Dwudniowa konferencja ”Powstanie Styczniowe na Kujawach i Ziemi Dobrzyńskiej. W 160. rocznicę”. zorganizowana została we współpracy z CK „Browar B.”, który stał się gospodarzem pierwszego dnia wydarzenia. To tu, we wtorkowe przedpołudnie uczniowie włocławskich szkół mieli okazję wysłuchać serii wykładów poświęconych wydarzeniom sprzed dwóch wieków.
Uznałem, że powinniśmy zorganizować konferencję adresowaną nie tylko do mieszkańców, ale przede wszystkim dla młodzieży szkolnej, szczególnie starszych klas szkół podstawowych i klas licealnych – tłumaczy Stanisław Kunikowski, prezes Włocławskiego Towarzystwa Naukowego - Uważam, że Kujawy i Ziemia Dobrzyńska, były tym szczególnym miejscem, gdzie doszło do wielu bitew i potyczek powstańców styczniowych i należy im się pamięć, aby podczas tej konferencji powiedzieć jak najwięcej o tych postaciach.

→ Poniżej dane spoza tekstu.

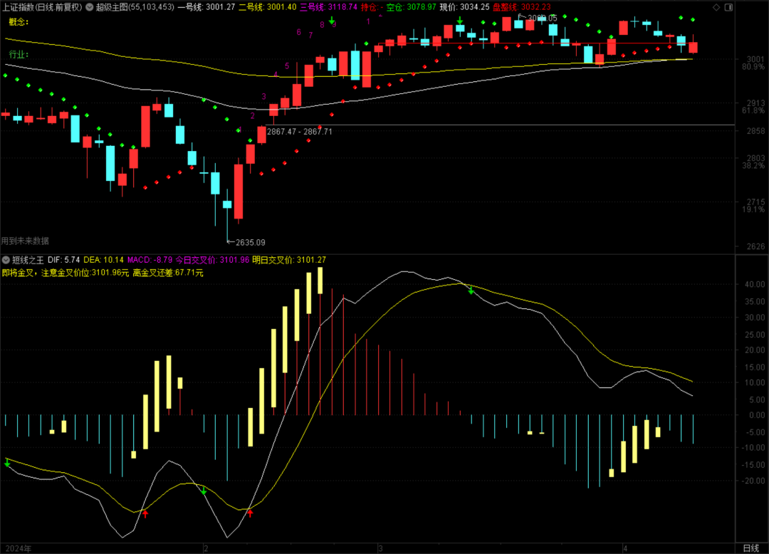 沪指今天最高冲到3050.34,浏览午间评论的时候,发现好多人都兴奋不已!而在笔者看来,日线级别短线之王指标的将金不金状态不逆转,就没必要讲指数会走到什么样的高度。3025.13是日线级别多空临界点,收盘只能算是勉强维持其上,一旦某一日收盘下破的话,整个市场的技术面将会进一步恶化,普通投资者不得不防!

WTN nie zamierza jednak poprzestać tylko na zorganizowaniu konferencji. W planach Towarzystwa jest również wydanie dużej monografii, poświęconej temu tematowi, opartej między innymi o referaty wygłoszone podczas spotkania we Włocławku. Do jej publikacji ma dojść pod koniec tego roku.
Kujawy stały się areną zażartych walk pomiędzy powstańcami a wojskami caratu. To tu miało miejsce ponad sto potyczek i trzy wielkie bitwy, które jak tłumaczy Marek Wojtkowski mogły mieć wpływ na przebieg, choć niestety nie na ostateczny wynik powstania:
Przytoczę tutaj dwie bitwy. Bitwę pod Nową Wsią i bitwę pod Krzywosądzem. W ocenie historyków spotkałem się z takimi opiniami, że gdyby te bitwy zakończyły się zwycięstwem, nie wiadomo, czy to powstanie nie trwałoby dłużej. To powstanie wcześniej czy później było skazane na niepowodzenie, ale być może powstanie by przetrwało. Nie tylko do późnej jesieni 1864 roku, ale znacznie dłużej.
Intensywność walk w naszym regionie skutkuje po dziś dzień. W okolicach Włocławka do dziś znaleźć można przydrożne krzyże upamiętniające poległych powstańców. Te materialne dziedzictwo wydarzeń z XIX wieku warto dostrzegać i pielęgnować, przekonuje prezydent miasta.